По дороге на рынок я частенько видела его сидящим в прохладе гостиной, когда он читал какую-то китайскую газету, а слуга махал опахалом. На нем обычно была длинная рубашка навыпуск, которая, однако, не скрывала его большого живота. Жирное тело китайца напомнило мне о его пристрастии к собачьему мясу. Он часто приносил домой мясо щенков, завернутое в коричневую бумагу. Повар делал из этого мяса рагу, в которое добавлял дорогой женьшень, который специально привозили для Старого Сунга из центральных районов Китая.

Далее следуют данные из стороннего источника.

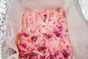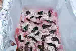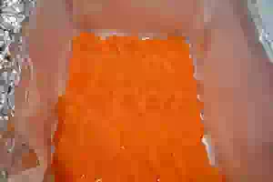 2. Филе карпа (или сазана) нарежьте небольшими полосками и закройте морковный слой. Присыпьте перцем, солью и половиной порции сухого желатина.
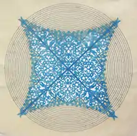 Working from her background in textile and fabric art and design, Agha uses a combination of textile processes such as embroidery, wax, dyes, and silk-screen printing within her drawings and paintings. She creates patterns based on ancient Islamic geometric patterns and Islamic interlace patterns through hand cutting, laser cutting, and sewing on paper. She uses embroidery as a drawing method to bridge the gap between modern materials and historical patterns of traditional oppression and domestic servitude. She questions the gendering of textile work as domesticated and its exclusion of it being considered an art form.[8]

Каждый вечер хозяин играл в одну и ту же игру. Обеими руками он закрывал себе рот, прикасаясь пальцами к зубам, а похотливые глаза осматривали липким взглядом молодое тело служанки. Опустив взгляд, Муи Цай делала вид, что ничего не замечает. Она не понимала, какая именно роль отводилась ей в этой игре, но ощущала какое-то внутреннее сопротивление. Жена Сунга в это время смотрела вниз и тоже ничего не замечала. Она сидела за столом в своих прекрасных одеждах, как орел в гнезде, ожидая каждого нового блюда, при появлении которого ее палочки начинали двигаться быстрее, аккуратно перенося выбранные кусочки из тарелки в рот. После того как лучшие кусочки были съедены, она продолжала есть с божественной величавостью.

Вскоре Старый Сунг стал украдкой, как бы случайно, прикасаться к «маленькой сестренке» своей жены, и однажды его толстая рука скользнула по ее бедру, когда Муи Цай подавала суп. Суп разлился на стол. Жена продолжала ничего не видеть. «Глупая никчемная девчонка!» — гневно пробормотала она, опустив взгляд в тарелку с кусочками молочного поросенка.